# Requirement
Take the lines from the one with "Porywisty wiatr uszkodził" to the end of the listing, both ends included, and quote them exactly, leaving pictures out.

# Data section

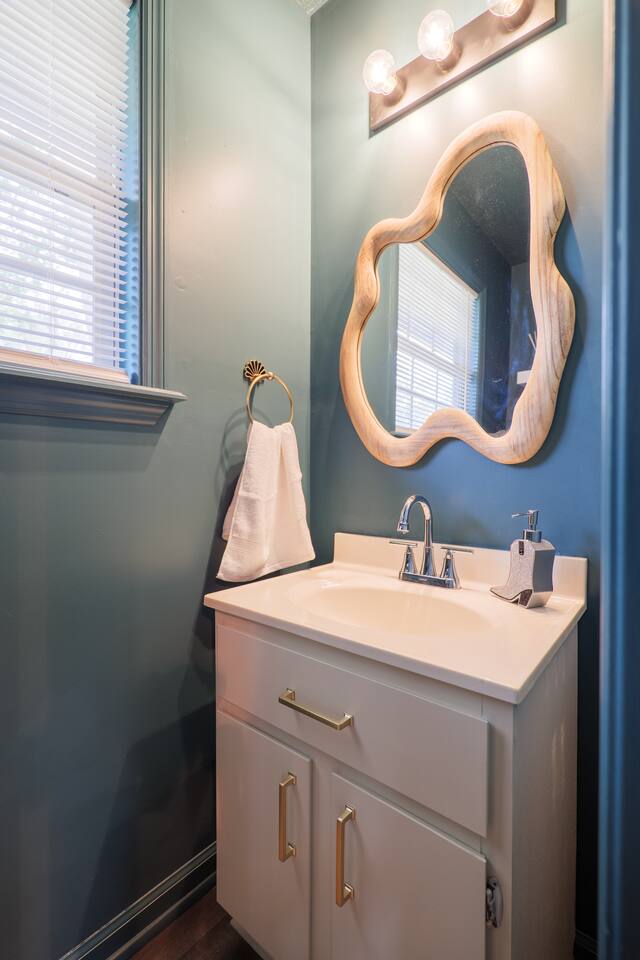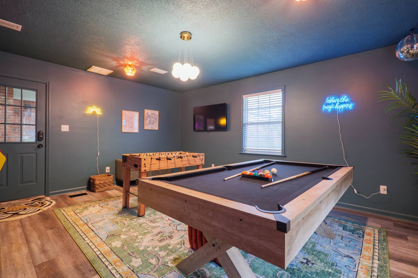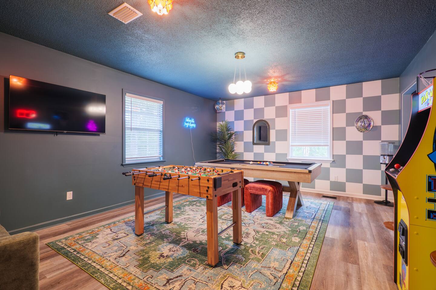 Relax in this spacious retreat packed with entertainment and comfort for families or groups. •3 king beds with TVs in every bedroom, living room, and game room •Game room with Pac-Man arcade, pool table, foosball, and flat-screen TV •Covered porch with life-size Connect 4, ring toss, and seating area •Outdoor porch with grill and additional seating •Fully equipped kitchen and dining space •5 smart TVs and free Wi-Fi throughout •Washer and dryer for convenience •17 minutes from Wild Adventures
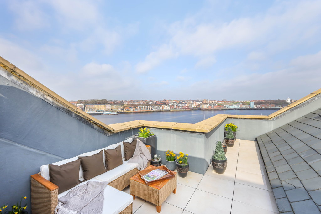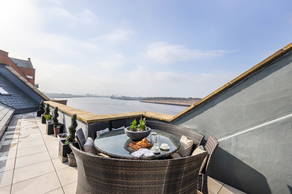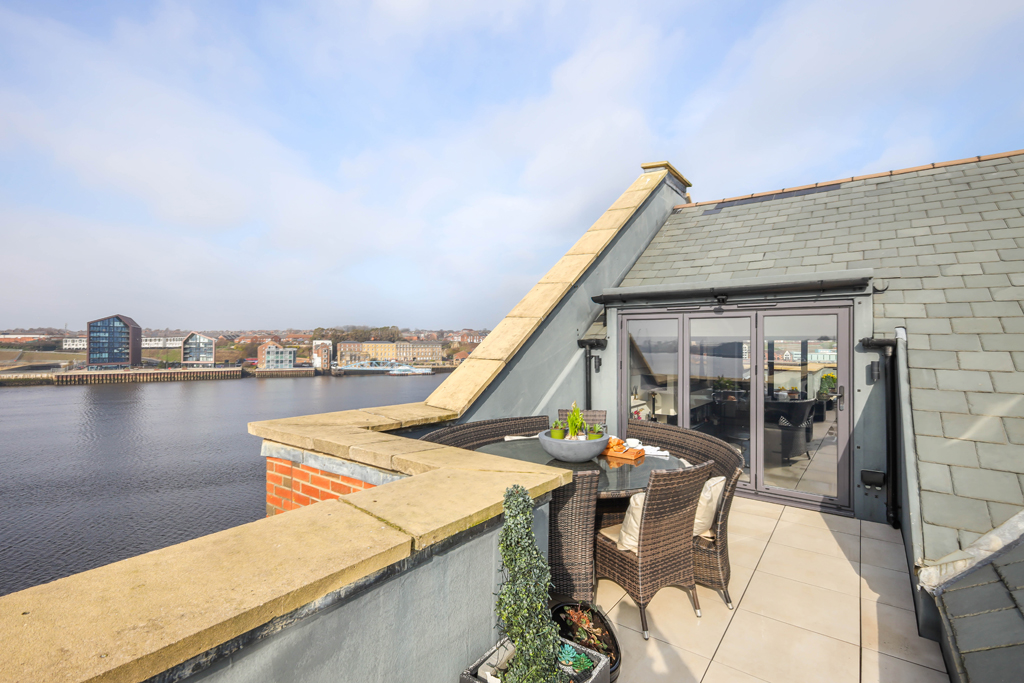 Externally, the property enjoys two allocated parking bays, as well as ample visitor parking | Access from the kitchen is granted to two substantial roof terraces, both of which benefit from non-slip Porcelain tiling and enviable westerly views over the River Tyne.
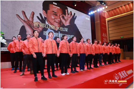 隨后迎來團隊風采展示環節,一支支氣勢高昂的團隊在激昂的樂曲中踏著鏗鏘的步伐步入舞臺,那別具一格的團隊風采和口號展示了鳳梧居人同舟共濟、勇敢向前的堅定信念,昂揚的志氣在會上留下了濃墨重彩的一筆。
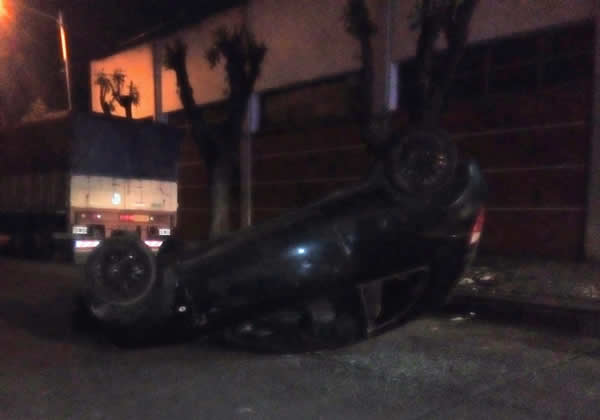 En la madrugada del domingo, a las 0.30 hs., por causas que se desconocen, un Ford Ka de color negro con dos femeninas, habría impactado a un automóvil VW Suran que se encontraba estacionado y volcó, en la calle Gutiérrez al 900, entre Avenidas Mitre y San Martín.
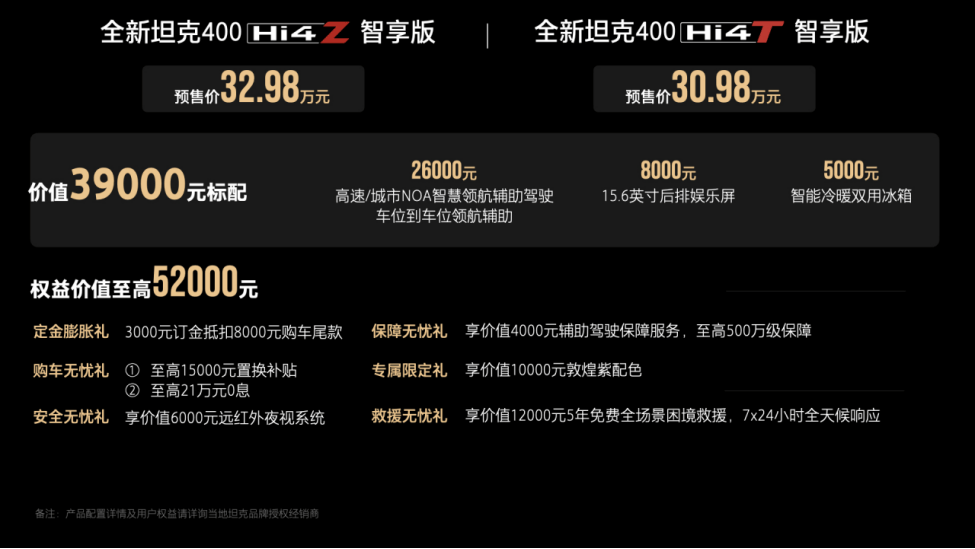 10月21日,全新坦克400以“潮酷越野新時代”為主題正式開啟預售,推出Hi4-T智享版和Hi4-Z智享版兩款配置,預售價分別為30.98萬元和32.98萬元。
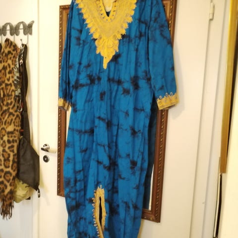 Ulkomailta tuotu vanha kaftaani. Mitat olka-helma n. 145 cm, kainalo-kainalo 64 cm
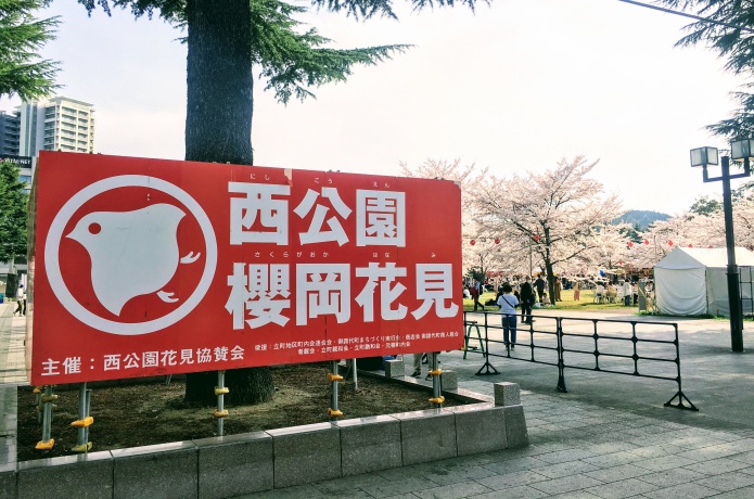 会場前には「西公園 櫻岡花見」と書かれた大きな看板が設置されていました。「櫻岡」は、もともとの名称「桜ヶ岡公園」の名残だと思われます。
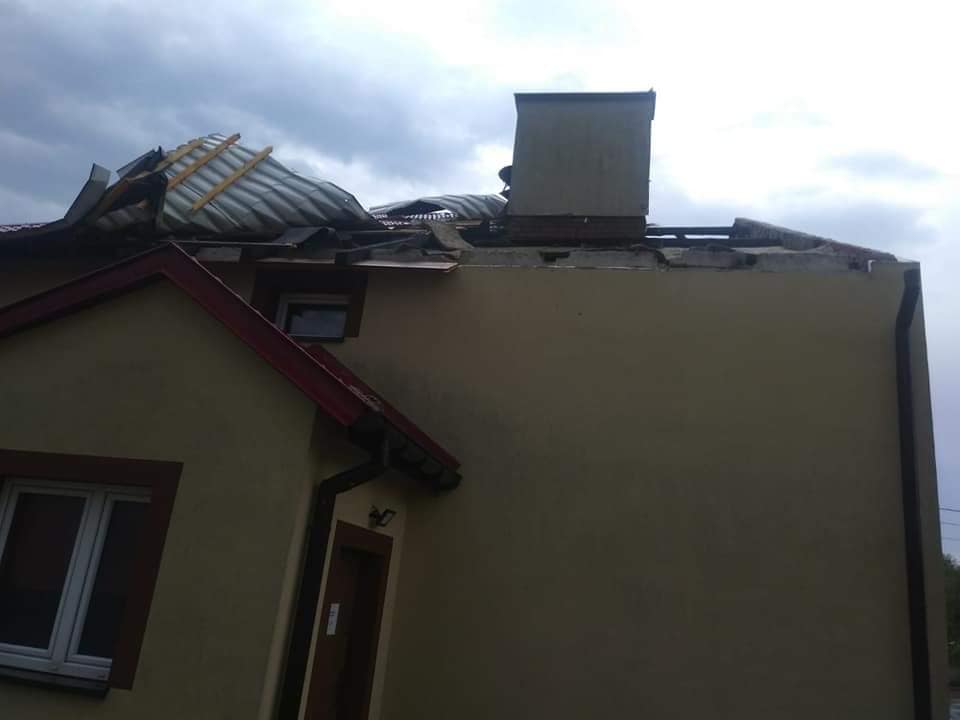 Porywisty wiatr uszkodził kilkanaście dachów na budynkach mieszkalnych, lokalnej remizie i szkolnej sali gimnastycznej.
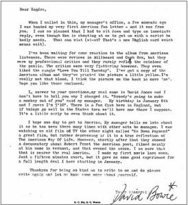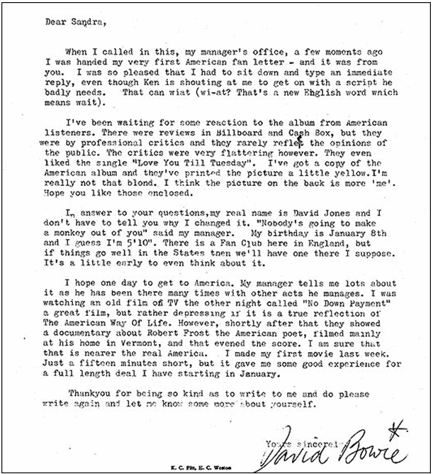 David Bowie cumple hoy 63 años. The Sun ha publicado la primera carta que escribió a un fan americano, en 1967, y que Sandra Dodd, la destinataria, ha sacado a la luz recientemente. Su lectura es fascinante… ¡cómo han cambiado los tiempos!

# Task output
 Porywisty wiatr uszkodził kilkanaście dachów na budynkach mieszkalnych, lokalnej remizie i szkolnej sali gimnastycznej.
 David Bowie cumple hoy 63 años. The Sun ha publicado la primera carta que escribió a un fan americano, en 1967, y que Sandra Dodd, la destinataria, ha sacado a la luz recientemente. Su lectura es fascinante… ¡cómo han cambiado los tiempos!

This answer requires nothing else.